Blues coach Tana Umaga's reaction to his side's 16-16 stalemate with the Chiefs on Friday night was typical of that which comes with the dissatisfaction of a draw.
While pleased with his side's efforts after the demands which come with travelling to Africa, Umaga was of the firm opinion that it was a result which could easily have gone against them - and so often in the past, it had.
"We probably did enough to win it, but we also made enough errors to lose it too," said Umaga.
"There was a lot of heart and that’s one thing we can rely on now is our grit to get us through."
Both teams contributed to a heavy error rate as slippery conditions made life difficult at Eden Park, turning periods of possession and pressure into points proving a struggle in either direction.
But after the Chiefs forward had their way with their Blues counterparts in their first clash of the season, Umaga was pleased with the way they bounced back against such a high standard of opposition, revealing a certain additional source of inspiration.
"We had Steven Luatua and Charlie Faumuina possibly playing their last home game which it probably is now, I know that meant a lot to us so there was a bit of emotion out there."
"It was tooth and nail right to the end. You take your hat off to a quality Chiefs pack, the experience they have and the pressure they put on. And our boys stood up, that’s all we can ask."
Veiled positives aside, the defeat has certainly closed the door on the Blues' playoffs aspirations for 2017. Even a win would've had them reliant on some unlikely Highlanders slip-ups through their remaining three matches.
"But it's just that ruthless edge I suppose, those teams that do have it can put the points on when they need to and not make so many errors."
On the other side of the ledger, Chiefs coach Dave Rennie mirrored most of the emotions of his northern counterpart.
Rennie was left largely unimpressed by the both the performance of his side and the match itself.
"It was pretty flat, and it was a pretty average game of footy, I thought," he noted.
"I almost felt like it flattered us the score but, to be honest, both sides had plenty of chance but both sides were inaccurate and couldn't look after the ball, so maybe a draw's a fair result in the end."

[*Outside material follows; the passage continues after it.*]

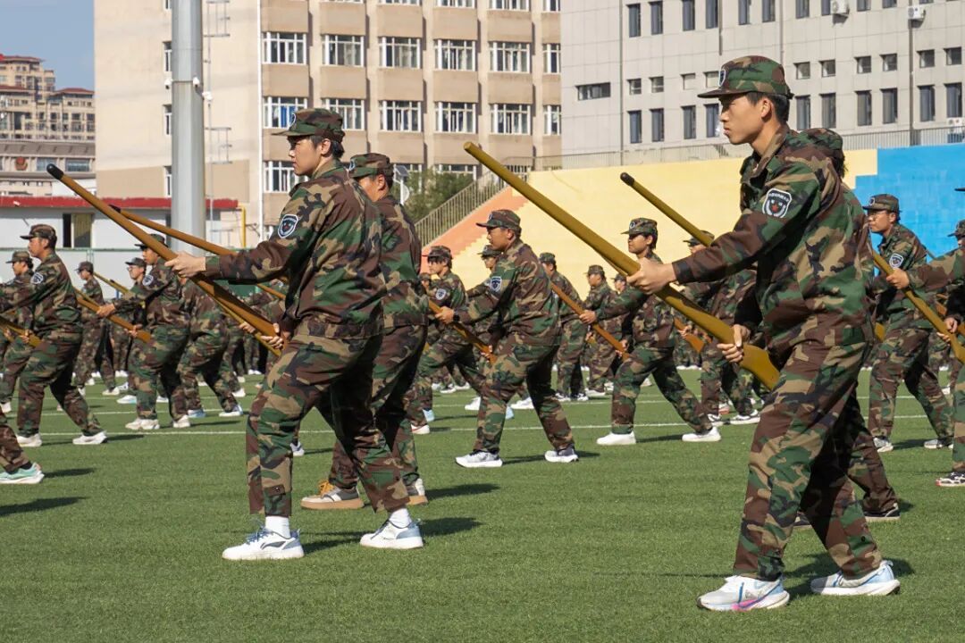 参训学生进行了拳术、刺杀操、匕首操等军事科目汇报,展现出科大学子积极向上、奋发拼搏的精神风貌。拳术方队以《男儿当自强》的旋律节奏与精神内涵为基调,将拳术动作、队列变换与音乐节点完美契合。刺杀操方队以刚猛姿态震撼亮相,不仅展示了动作与战术,更生动诠释了“自强不息敢为人先”的科大校风。匕首操方队整齐列队、精神抖擞,每一个动作都刚劲有力、精准到位,连贯的招式将匕首操的攻防要义展现得淋漓尽致。随后进行队列会操,伴随着雄壮的《分列式进行曲》,63个连队正步走过主席台,铿锵有力的步伐踏出钢铁意志,响彻云霄的口号喊出铮铮誓言。

The Glasgow-bound coach refused to blame the challenging conditions for his team's lack of cohesion, singling out the telling 11-4 penalty count against his men as unacceptable.
"We just didn’t build pressure for long enough, and the discipline was poor.

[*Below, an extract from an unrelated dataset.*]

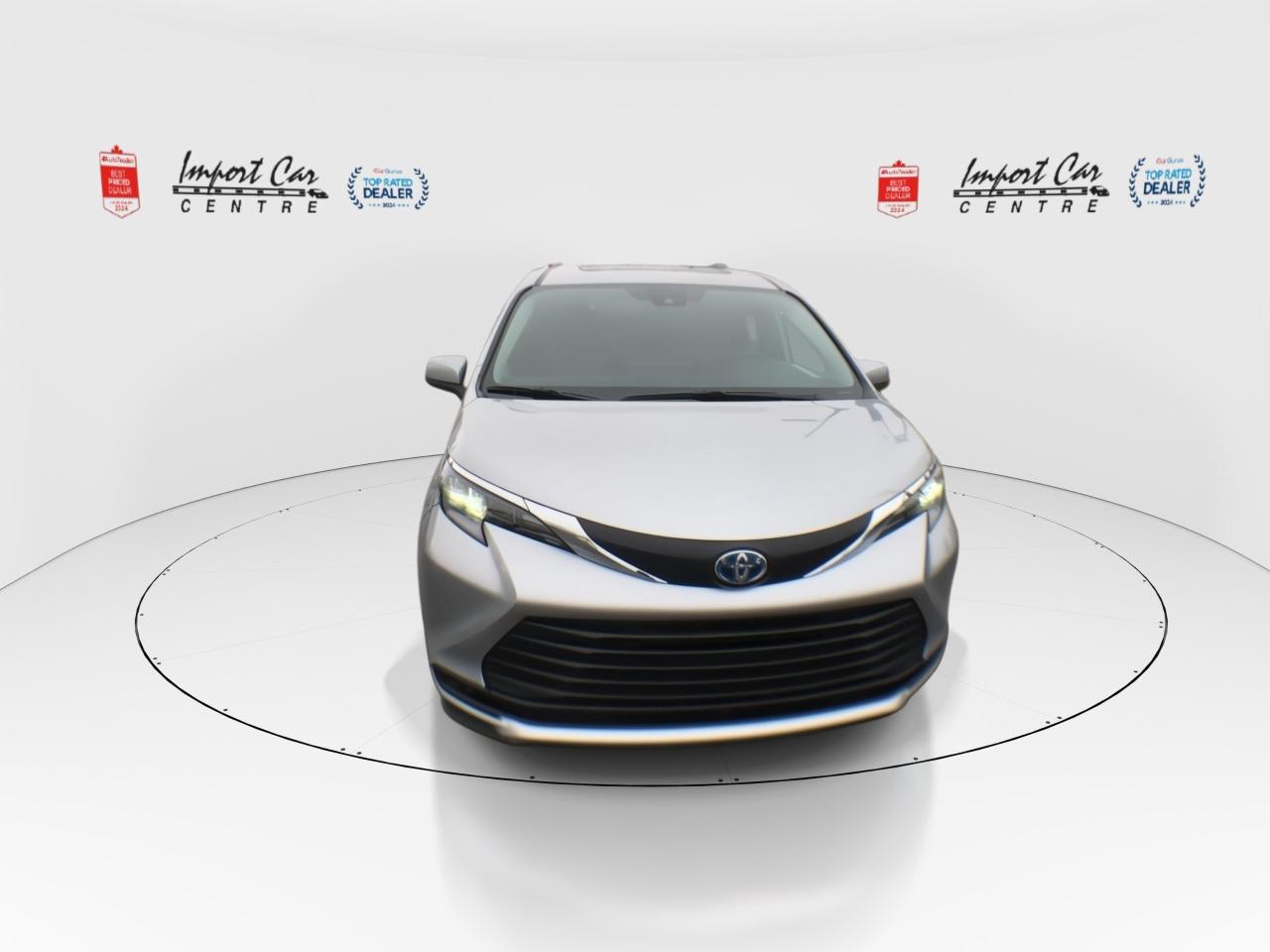 OTTAWA’S ORIGINAL IMPORT DEALER! *** NO ACCIDENTS * SMETANA APPROVED *** In stock and no waiting!! One of he most sought after family haulers found on the roadways...loaded with equipment, room for 8 passengers and you will be lowering your carbon footprint!! Finished in Celestial Silver Metallic with matching grey Softex seating surfaces, Toyota Safety Sense 2.0, full range dynamic radar cruise control, lane tracing assist, pre-collision braking system with pedestrian and bicycle detection, auto high beam, lane departure alert with steering assist and road edge detection, blind spot monitor with rear cross traffic alert, backup camera, start safety system, smart stop technology, vehicle stability assist, traction control, power rear sliding doors with kick sensors, Apple Car Play, Android Auto, Bluetooth, 7 USB charging ports, SiriusXM radio, Audio Plus, heated front seats, power seats, heated leather wrapped steering wheel, quad zone climate control system, windshield wiper deicer, moonroof, 17 alloys, LED headlamps, Drive Mode Select, only 460kms all compliment this like new 2025 Toyota Sienna XLE 8 passenger hybrid. Perfection and beyond!! Home of the Platinum up to 240,000kms warranty and financing is always available O.A.C Import Car Centre, proudly serving the Ottawa and surrounding area for over 42 years. Come down and experience Import Car Centre for yourself and see just why our customers are so happy!

"We gave away some really dumb penalties from our big men up front. We have to sort that out, it's killing us."
One standout for the Waikato-based franchise was fullback Damian McKenzie, who scored one seering try and defended stoutly all evening, particularly under the high ball.

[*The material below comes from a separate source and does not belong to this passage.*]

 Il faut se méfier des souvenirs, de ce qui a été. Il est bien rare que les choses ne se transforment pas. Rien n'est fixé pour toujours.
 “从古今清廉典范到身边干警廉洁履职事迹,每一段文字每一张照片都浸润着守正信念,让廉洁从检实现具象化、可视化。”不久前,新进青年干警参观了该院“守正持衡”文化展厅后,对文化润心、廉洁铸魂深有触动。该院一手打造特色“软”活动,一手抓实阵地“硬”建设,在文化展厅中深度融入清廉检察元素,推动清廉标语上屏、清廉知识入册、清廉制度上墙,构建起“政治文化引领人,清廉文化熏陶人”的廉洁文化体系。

With Cruden's departure for France imminent there's been plenty of talk about him potentially shifting to the first-five position, however Rennie himself was adamant that from fullback is where he produces his best.
"We've played him at 15 because I think he's one of the best 15s in the world.
"I know everybody keeps calling him a 10 out of position, but he wouldn't have been an All Black if he was only a 10.
"He's certainly been in great form for us, he's been outstanding this year."